- **Directions**
Where the line with "Fakta om bilen: Volkswagen" appears below, start writing out lines exactly, and finish with the line with "ブルガリアヨーグルトにブルー", which is included; write out nothing else.

- **Data listing**
═══
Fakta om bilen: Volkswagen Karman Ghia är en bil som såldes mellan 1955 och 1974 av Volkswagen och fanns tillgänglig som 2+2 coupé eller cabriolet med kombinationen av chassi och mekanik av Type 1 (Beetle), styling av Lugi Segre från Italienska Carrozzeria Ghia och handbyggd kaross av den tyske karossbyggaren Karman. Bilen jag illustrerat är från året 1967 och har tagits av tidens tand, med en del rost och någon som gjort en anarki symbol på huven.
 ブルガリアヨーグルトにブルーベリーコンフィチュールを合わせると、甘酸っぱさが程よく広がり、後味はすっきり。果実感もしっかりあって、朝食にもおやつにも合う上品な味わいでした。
═══
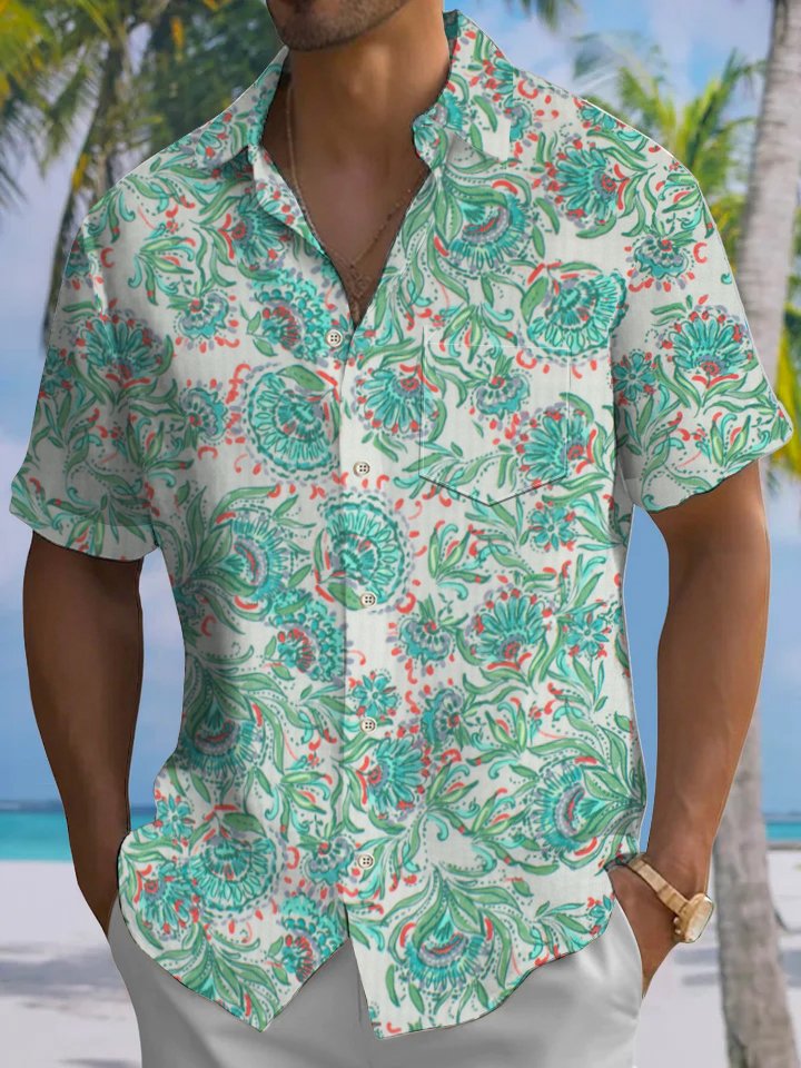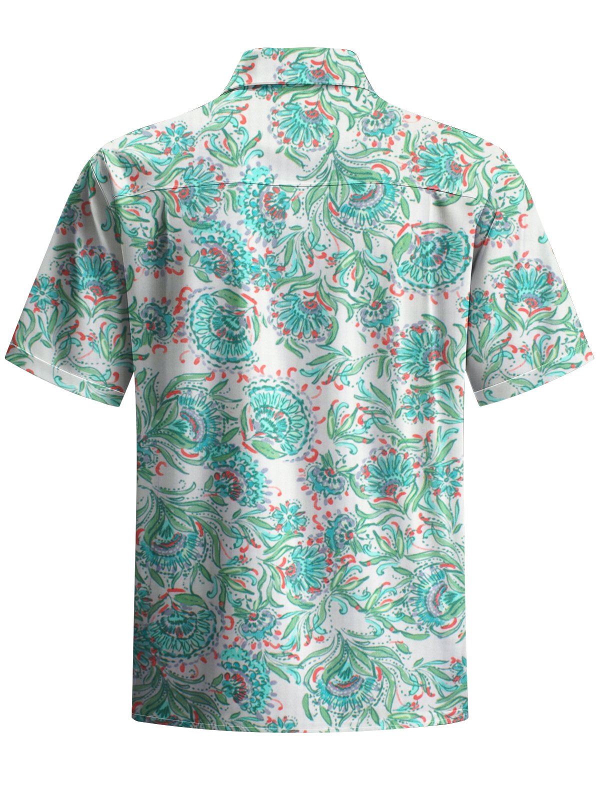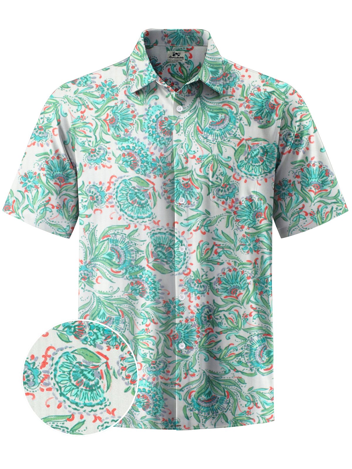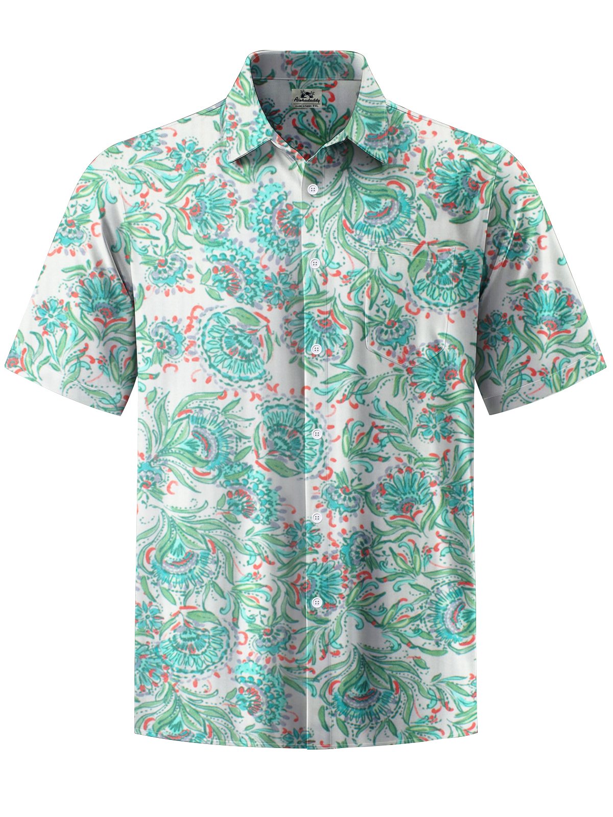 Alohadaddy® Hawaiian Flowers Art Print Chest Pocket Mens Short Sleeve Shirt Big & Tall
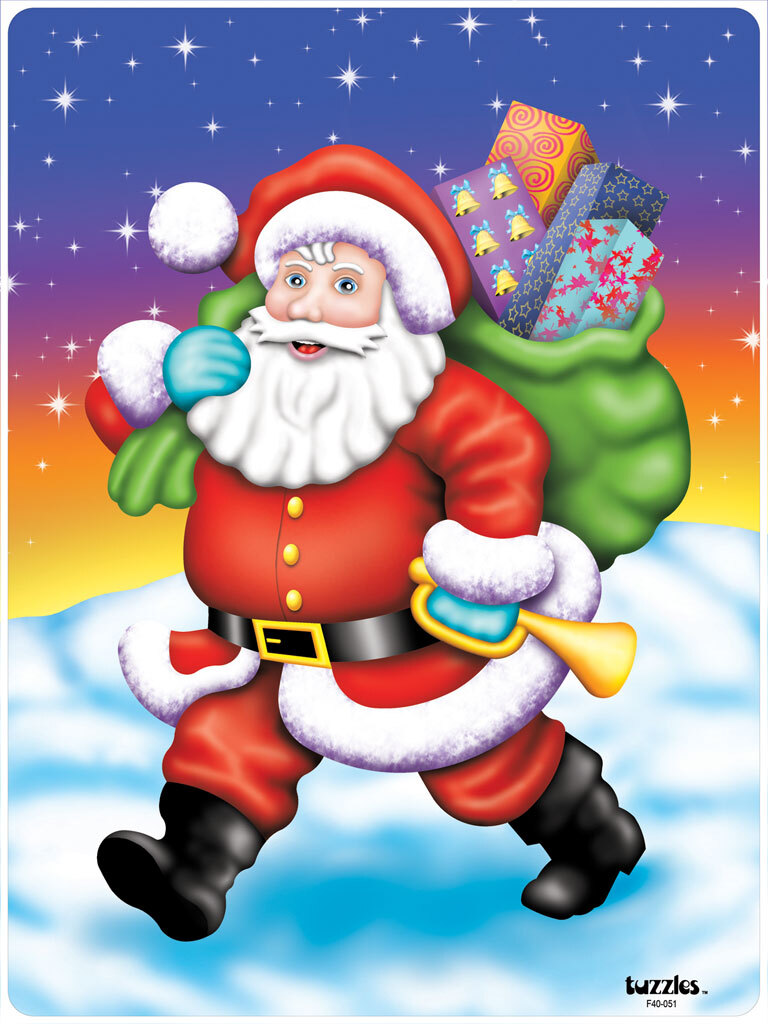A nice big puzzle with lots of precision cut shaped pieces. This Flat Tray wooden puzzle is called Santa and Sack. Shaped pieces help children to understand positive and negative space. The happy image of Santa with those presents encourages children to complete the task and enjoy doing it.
═══
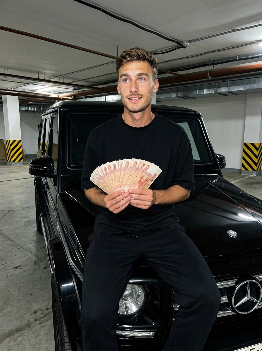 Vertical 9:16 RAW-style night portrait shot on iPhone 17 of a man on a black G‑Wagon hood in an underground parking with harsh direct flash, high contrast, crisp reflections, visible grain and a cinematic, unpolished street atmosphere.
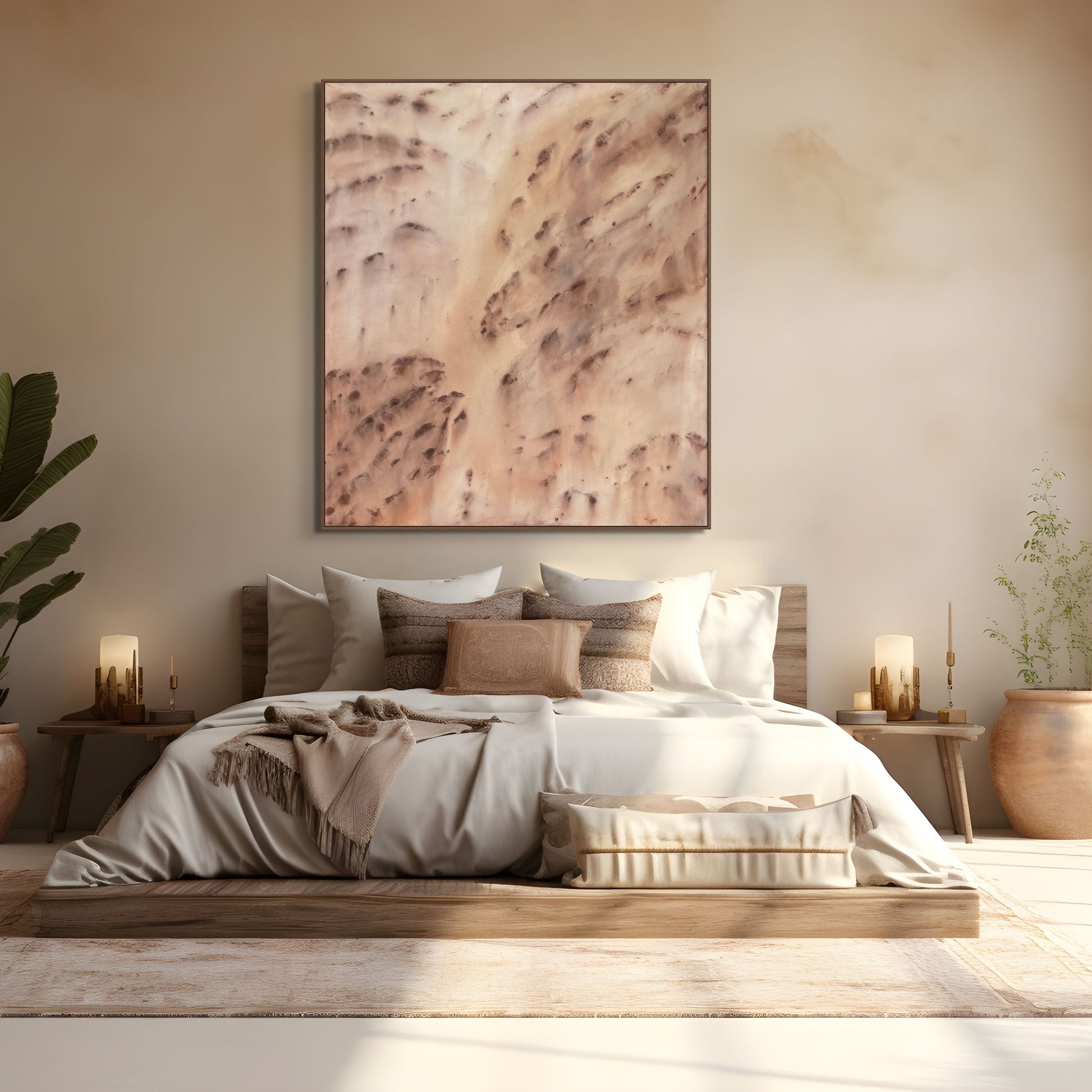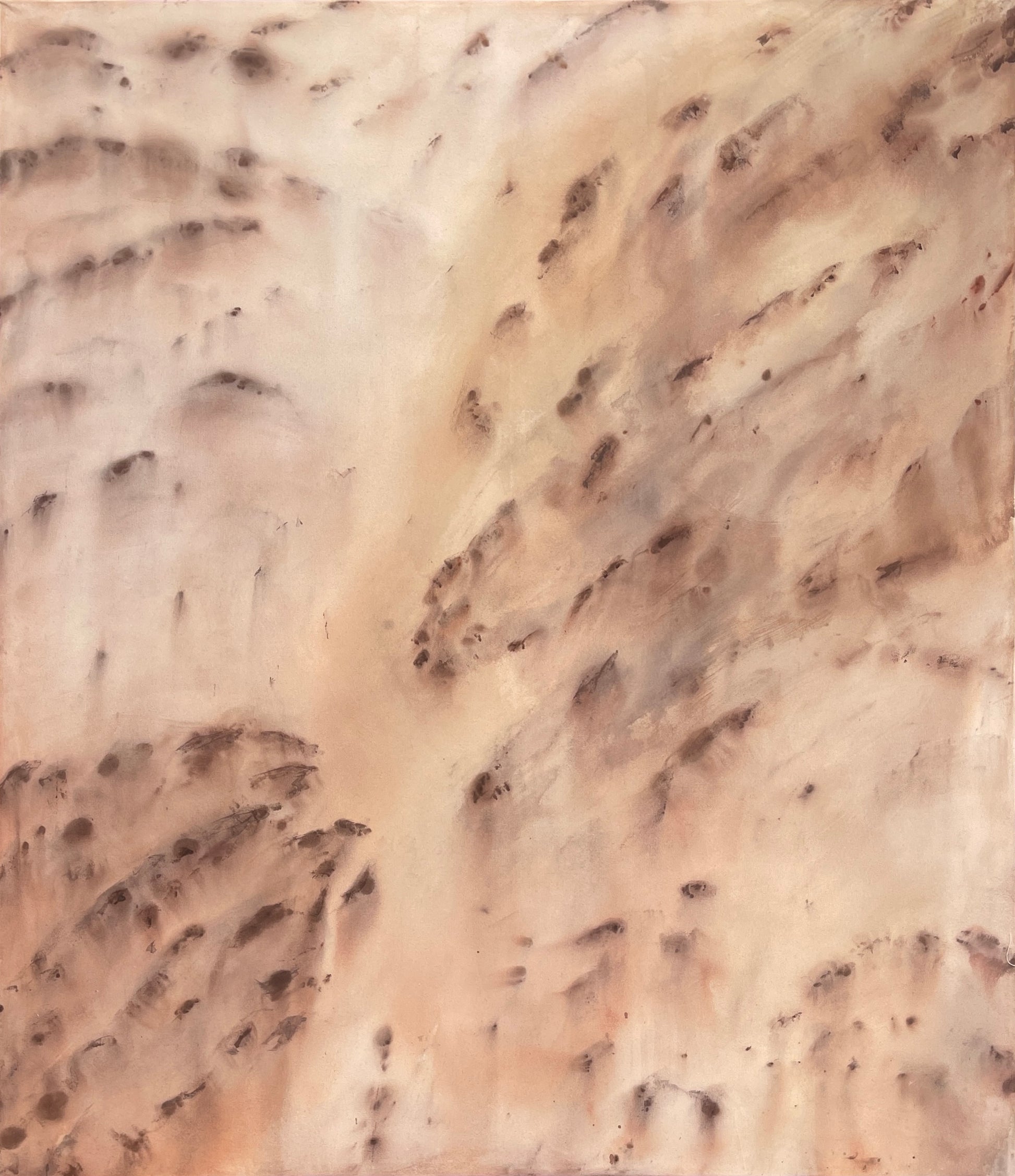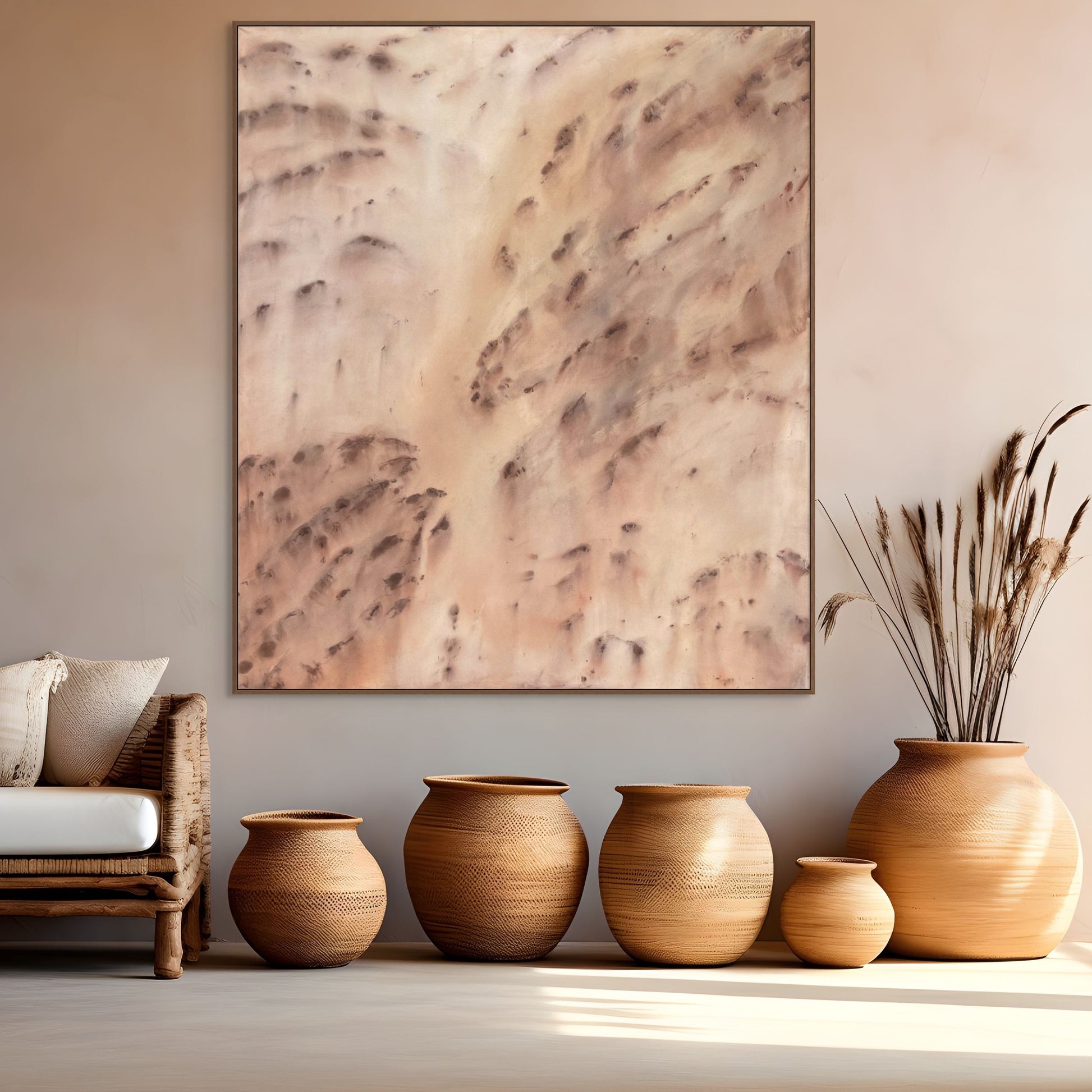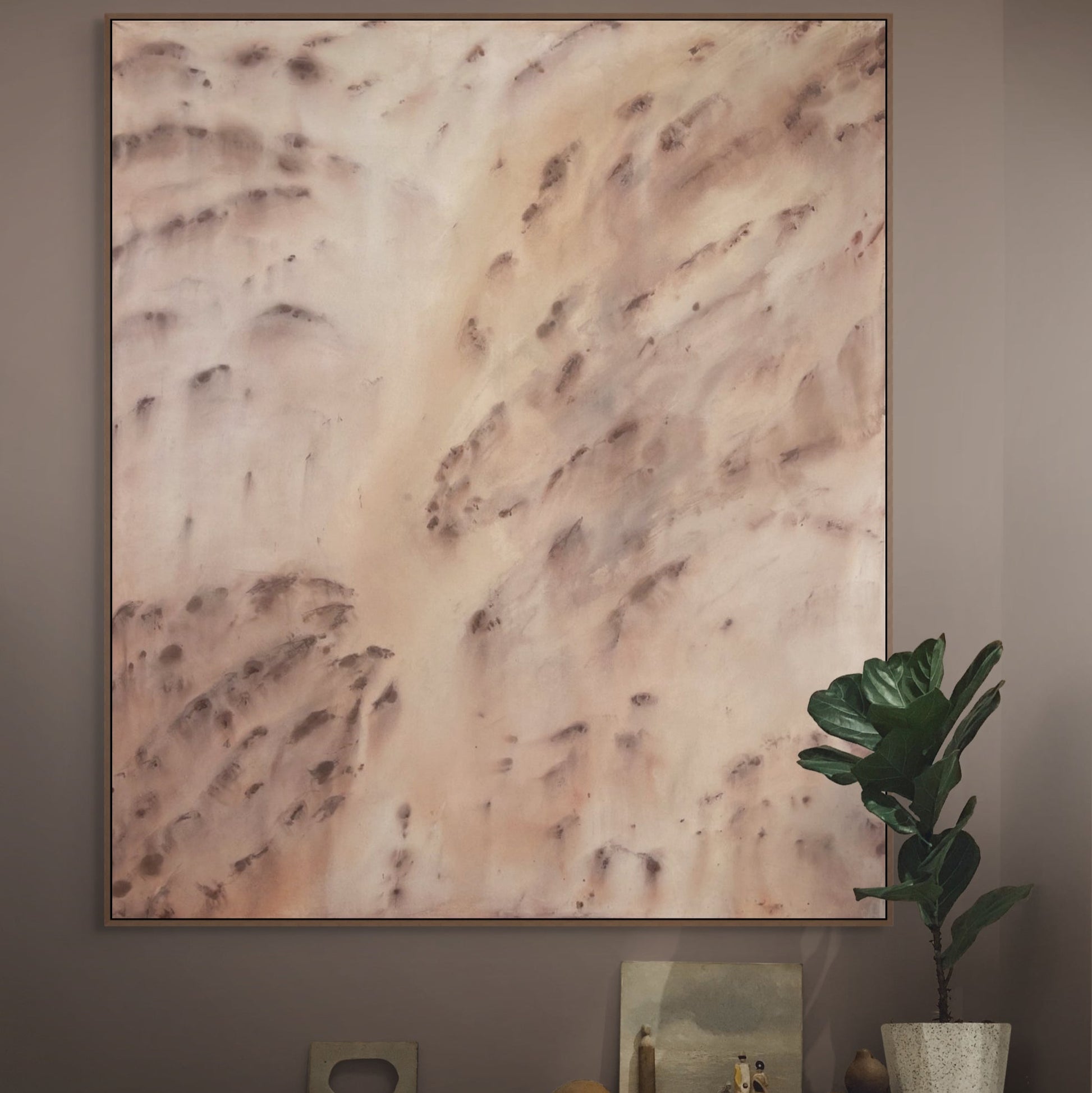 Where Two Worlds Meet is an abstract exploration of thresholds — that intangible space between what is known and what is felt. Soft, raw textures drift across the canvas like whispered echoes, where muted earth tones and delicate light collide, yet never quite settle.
═══
- **The answer**
Fakta om bilen: Volkswagen Karman Ghia är en bil som såldes mellan 1955 och 1974 av Volkswagen och fanns tillgänglig som 2+2 coupé eller cabriolet med kombinationen av chassi och mekanik av Type 1 (Beetle), styling av Lugi Segre från Italienska Carrozzeria Ghia och handbyggd kaross av den tyske karossbyggaren Karman. Bilen jag illustrerat är från året 1967 och har tagits av tidens tand, med en del rost och någon som gjort en anarki symbol på huven.
 ブルガリアヨーグルトにブルーベリーコンフィチュールを合わせると、甘酸っぱさが程よく広がり、後味はすっきり。果実感もしっかりあって、朝食にもおやつにも合う上品な味わいでした。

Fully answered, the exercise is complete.